New survey findings, reported by Supply & Demand Chain Executive (Feb. 28, 2019), uncover the chronic inventory problems affecting the $1.3 trillion retail industry. The vast majority (87%) of corporate retail professionals report inaccurate inventories are to blame for more lost revenue than theft (13%), and the breadth of the problem is apparent: nearly all (99%) survey respondents admit to some kind of constant inventory problem.

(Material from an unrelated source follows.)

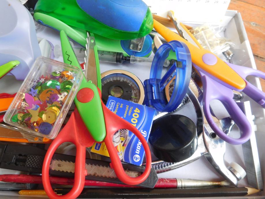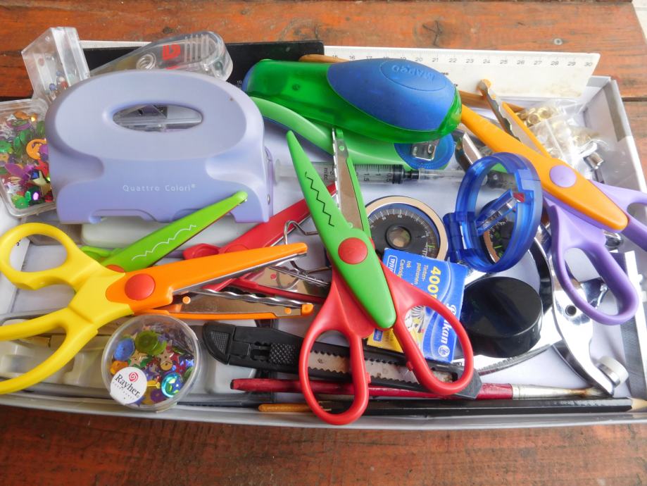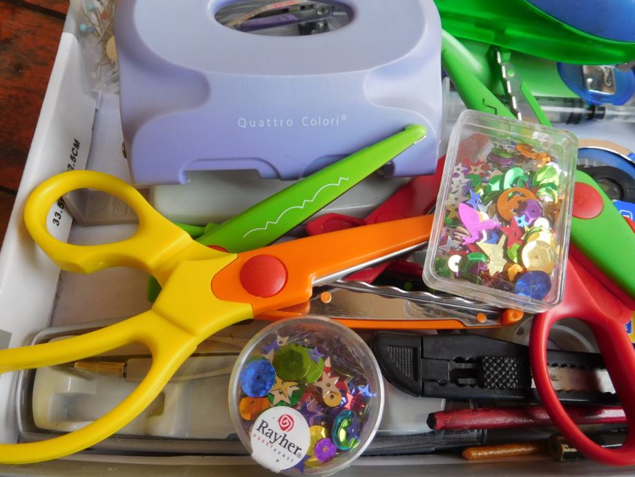 Notri je kompas, različne oblikovne škarje, luknjači, spenjalniki, pripomočki za nete... zraven dodam karton formata 22 x 22 cm 300 kom.

Despite major spending on inventory management, catastrophic problems remain.
73% state inaccurate inventory forecasting is a constant issue, meaning retailers end up with too much or too little supply to meet demand
66% say price inaccuracy is a consistent issue, which can lead to unbalanced P&L reports
65% report an inability to track inventory through the supply chain, resulting in potential sales lost

Wasted time is wasted profits.
67% of retailers feel that analyzing inventory on store shelves is not an effective use of employees’ time
Data shows that instead of spending time on sales-driven customer service and upselling, the majority of employee time is spent filling out-of-stock holes on shelves (56%) and pulling items forward on shelves (55%)

Automation is the answer.
76% of retailers say the introduction of robots in stores would improve employee productivity
74% said inventory accuracy would improve as a result, while increased profits would be another direct result of introducing in-store robots
A majority (62%) of retailers feel that employees would embrace robots

An interesting class exercise would be to ask students who have worked in retail what their own experiences have been.

Classroom discussion questions:

  1. What are the causes of such inventory “inaccuracies”?
  2. What suggestions does Chapter 12 offer regarding inventory accuracy?